Rainer Werner Fassbinder is one of his examples for the French director François Ozon. The two have it in common with their fast pace of work: they made and are making one film after another (or even several films at the same time). Although the 54-year-old Frenchman has a healthier lifestyle than Fassbinder, the enormous monarch in Neuer Deutscher Filmwho died of an overdose in 1982 at the age of 37.
‘I discovered him when I was studying film and had all sorts of questions about my own way of filming,’ says Ozon. “I was a bit lost, and then I found an answer in Fassbinder’s work. In his freedom and strength as a filmmaker, but also in his radical view of relationships and love, or of the hypocrisy of Western society and in particular Germany after the Second World War. His versatility was also inspiring. I think sometimes people are a bit shocked when I switch genres again, or don’t understand, but so did Fassbinder. He thought you could go either way. He even made a western.’
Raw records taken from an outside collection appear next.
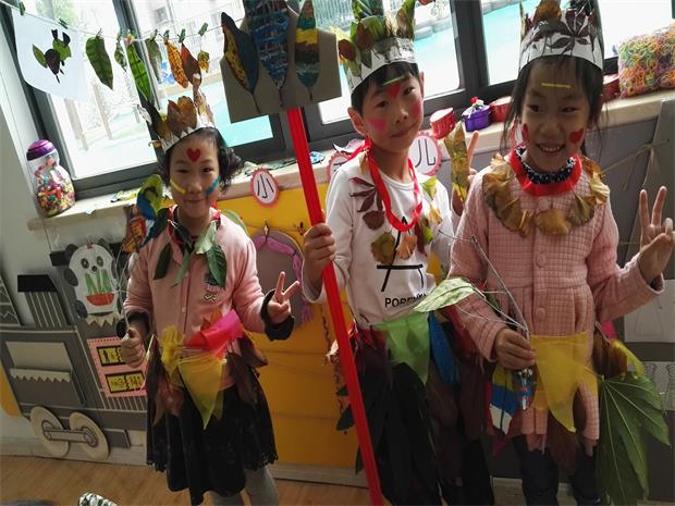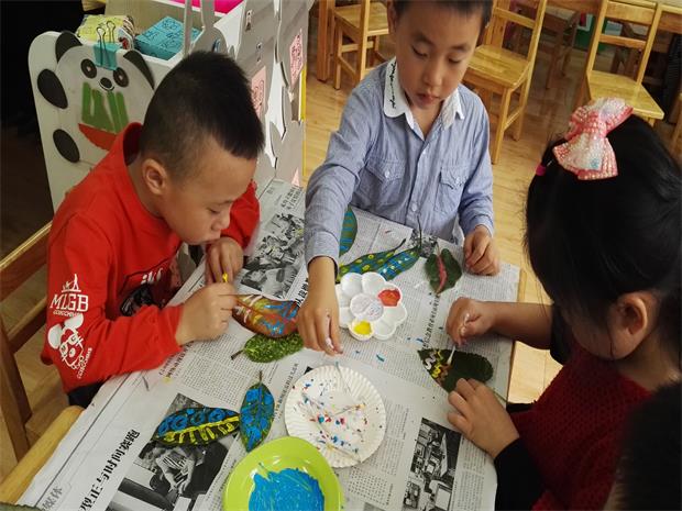 在落满树叶的操场上,孩子们会三五成群地簇拥而蹲,指点着、交流着落叶的形状、颜色和名称;“捡落叶、撒落叶”是多么有趣的体育游戏啊,“捡着、抛着、跳着、笑着、叫着……”连接起孩子们和小树叶之间无形又相通的快乐,分不清是落叶娃娃还是娃娃落叶;美工区里,孩子们带着新鲜和好奇,蘸着颜料手舞画笔在给落叶们换“新装”,五彩的颜料不仅让干枯的落叶霎时变得光彩夺目,也让小叶子们焕然一新,组成可爱的化画作;表演区里,快来做“落叶帽”“落叶衣”,跳起原始的“印第安舞”,更是美哉妙哉;娃娃家里,落叶还“变身”成了孩子们的游戏食物,大家正津津有味地“品尝”着“落叶盛餐”……
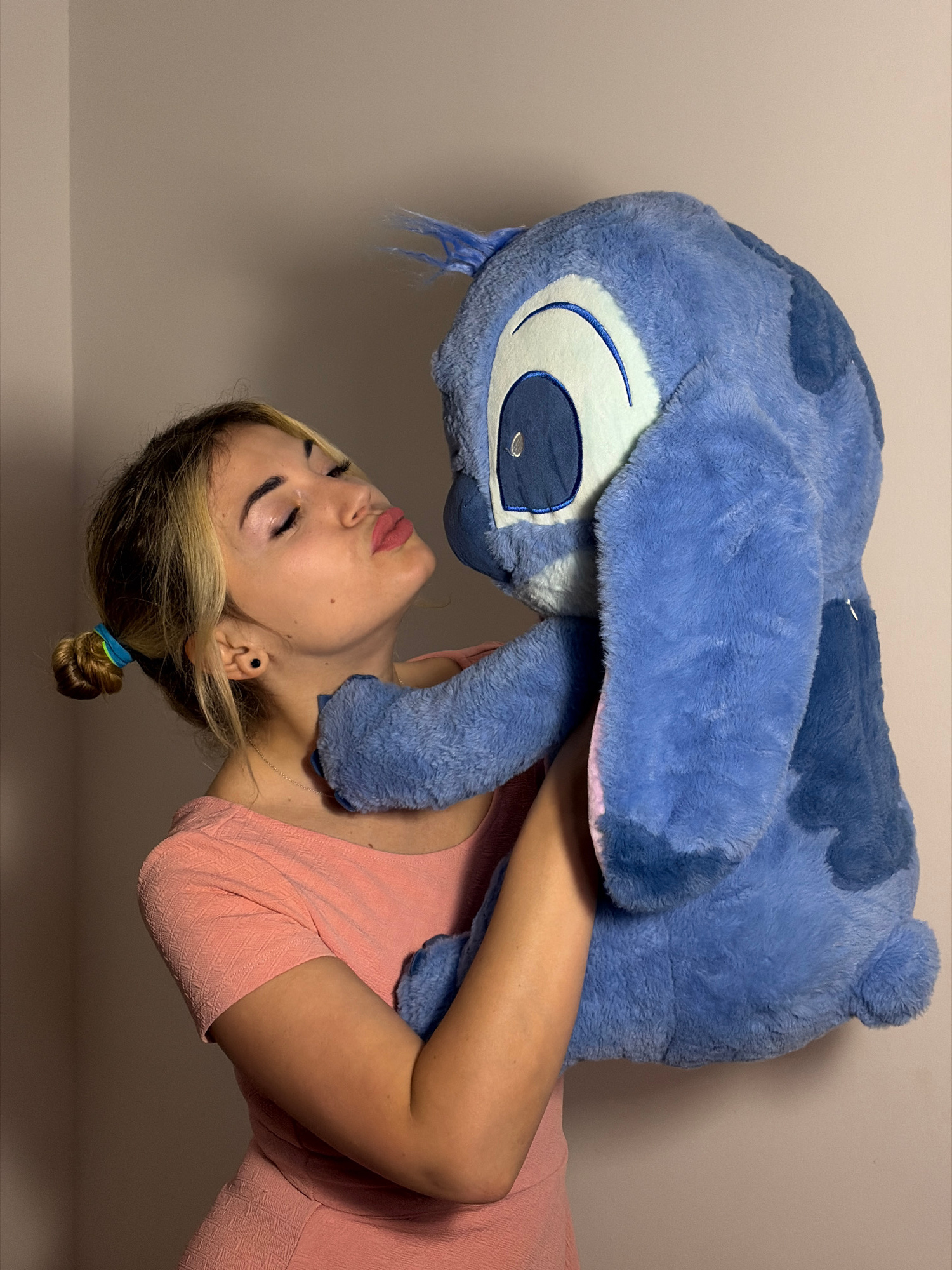 An image, rotated 90 degrees clockwise, captures a young woman affectionately holding a large blue plush toy resembling Disney's Stitch. The woman, positioned towards the right side of the frame, has…read more
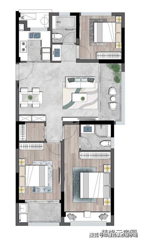 D:建面约120平户型亮点:

Ozon is known for his satirical and ambiguous scripts. He likes to dance between film genres, from comedies (8 women, potiche) and erotic thrillers (Swimming pool, L’Amant double) to historical drama (Franz). He once edited a play by Fassbinder, Tropfen auf heisse Steine (Gouttes d’eau sur pierres brûlantes), from 2000. And with Peter von Kant, from this week in the Dutch cinema, he gives a twist Petra von Kant’s bitter tearsFassbinder’s oppressive Bedroom game from 1972 about the power relationship between the egocentric fashion designer Petra and her young object of love, the photo model Karin.
The French director sits across from a small group of journalists in a hotel in Berlin, where Peter von Kant opened the film festival earlier this year.
“During the lockdown, I wondered, like so many directors, whether it would ever be possible to make a film again under normal circumstances. Of Petra von Kant I’ve wanted to make something for a long time, but now felt like the right time: A film that you can make in one place, with a small team.
“I didn’t want to make the same film – Fassbinder’s is perfect, so why would you? I re-read the play and watched the movie again. I decided to change the gender of the main characters. I always felt it was a self-portrait of Fassbinder, intuitively, but Juliane Lorentz, Fassbinder’s editor and widow, confirmed it when I asked. The play and the film, she said, are about his affair with the actor Günther Kaufmann. Fassbinder projected his own love story onto the character Petra von Kant. That was the key to my editing. I don’t see any difference in a director doing a new version of a play by Shakespeare, Chekhov or Molière. I chose a different perspective and played with gender.’
Karin in his film is called Amir, a young boy (played by Khalil Gharbia) who wants to be the love object, muse and actor of the dictatorial star filmmaker Peter von Kant (Denis Ménochet), the main character modeled after Fassbinder. But as soon as Amir is launched into the film world, he also quickly leaves Peter.
‘I wanted to show the power dynamics of a director, because of course you have a lot of power as a director. You can help someone become a star. What I like about Fassbinder’s work is that the balance of power shifts in the second act. Then the actor exercises power over the director. That complexity interested me, it’s not black and white.’
Would someone like Fassbinder still be accepted today? “There are stories about him that were also not acceptable in the 1970s,” says Ozon. “I mean, two of his loved ones committed suicide. He was a difficult figure. He could be sadistic in relationships. An important comment in the film comes from Peter’s girlfriend Sidonie, played by Isabelle Adjani. She says: in your films you pretend you’re on the side of the weak, but in your real life you’re on the other side.But it’s also a human thing: say one thing, do another.
‘It is a cliché that the artist must be sadistic, a monster. And for a long time people accepted that idea: the director even had to be. And of course there is something of a dictator in every director. I would also sometimes prefer to be a god who can use people – actors – as puppets. Well, then there is the reality. I believe that we have gradually learned that you can also work in a different way, based on equality. That you shouldn’t destroy people for a few good shots’.
Hanna Schygulla (78), who played the role of the young love interest in Fassbinder’s Petra von Kant’s bitter tears, appears in the new adaptation by François Ozon as the mother of the tormented protagonist Peter von Kant. Fassbinder, Schygulla told French director Ozon, died not because of drugs or hard work, but because he “didn’t believe in love.”